Благодаря ксендзу Хомскому и конкордату Польши с Ватиканом, то есть урокам Закона Божьего в государственных школах, я приобрел богословскую закалку – впрочем, еще и благодаря моему сопротивлению, без которого я принимал бы уроки Закона Божьего пассивно и быстро забывал бы их. Самая суть моих трудностей была вовсе не шуточной, как раз наоборот. Прежде чем очертилось мое литературное призвание, я натолкнулся на свою главную – если не единственную волнующую меня – проблему: зло мира, боль, муки живых существ как аргумент против Бога. И если сегодня, когда целая жизнь осталась позади, я иначе отношусь к тайне зла, то вовсе не потому, что прочитал множество книг и толковал о людях, принимавших ее близко к сердцу, включая и средневековых манихейцев. Происшедшая во мне перемена сравнима с постепенным наполнением наброска отчетливыми формами и красками. Сначала, в ранней молодости, было только интеллектуальное уравнение; затем страдание, мое собственное или воспринимаемое как свое, настигло меня, поселилось во мне, и надо было учиться справляться с этим. В мыслях же мало что изменилось, ибо тот же вопрос: «Откуда зло?» – по-прежнему требует ответа, с той только разницей, что сегодня я его не ищу, зная, что предмет этот не поддается чисто интеллектуальным разбирательствам.
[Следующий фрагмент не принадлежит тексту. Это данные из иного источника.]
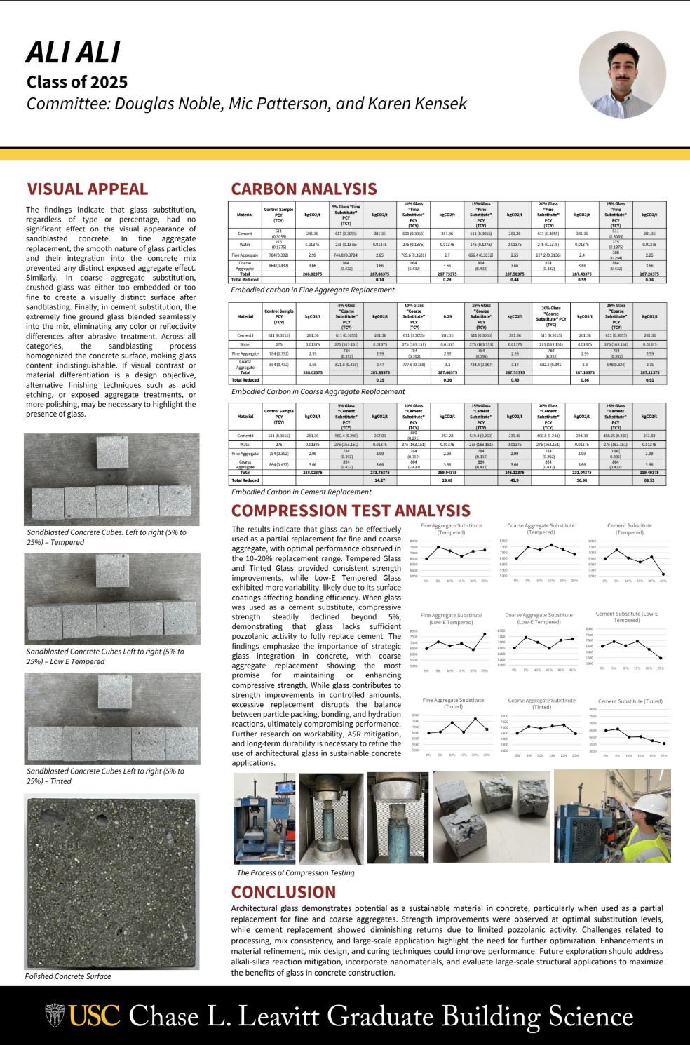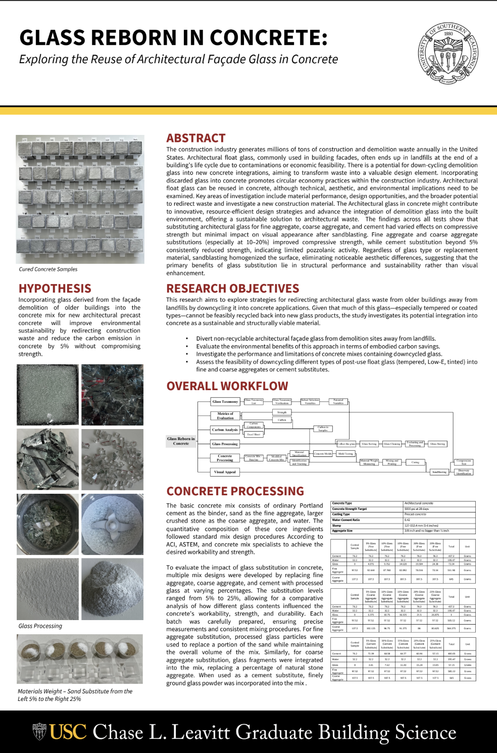 The U.S. construction industry produces vast amounts of demolition waste, including architectural float glass from building facades. Due to recycling limitations, much of this glass ends up in landfills. This research explores down-cycling architectural glass into concrete as fine aggregate, coarse aggregate, and cement substitutes. Results show improved compressive strength at 10–20% aggregate replacement, while cement substitution beyond 5% reduced strength. Sandblasting minimized visual differences across mixes, highlighting structural and sustainability benefits over aesthetic enhancement. The study supports reusing demolition glass to promote circular economy practices and develop resource-efficient, sustainable building materials for the future built environment.

Я отбросил ученое предисловие к Книге Иова, потому что углядел в нем черты дипломатических переговоров с несчастьем. Об этом я хотел бы сказать правду, преодолевая то огромное сопротивление, которое здесь оказывает конкретность, ибо в данном случае дипломатия состоит в умолчании о наиболее чувствительных точках и в переходе на уровень абстракции, словно самое существенное откладывается «на следующий раз». И чем более личным и застарелым является страдание – тем труднее, ибо тут настороже опасение, как бы не впасть в эксгибиционизм. Так что я ограничу себя, останавливаясь на самом рубеже признаний.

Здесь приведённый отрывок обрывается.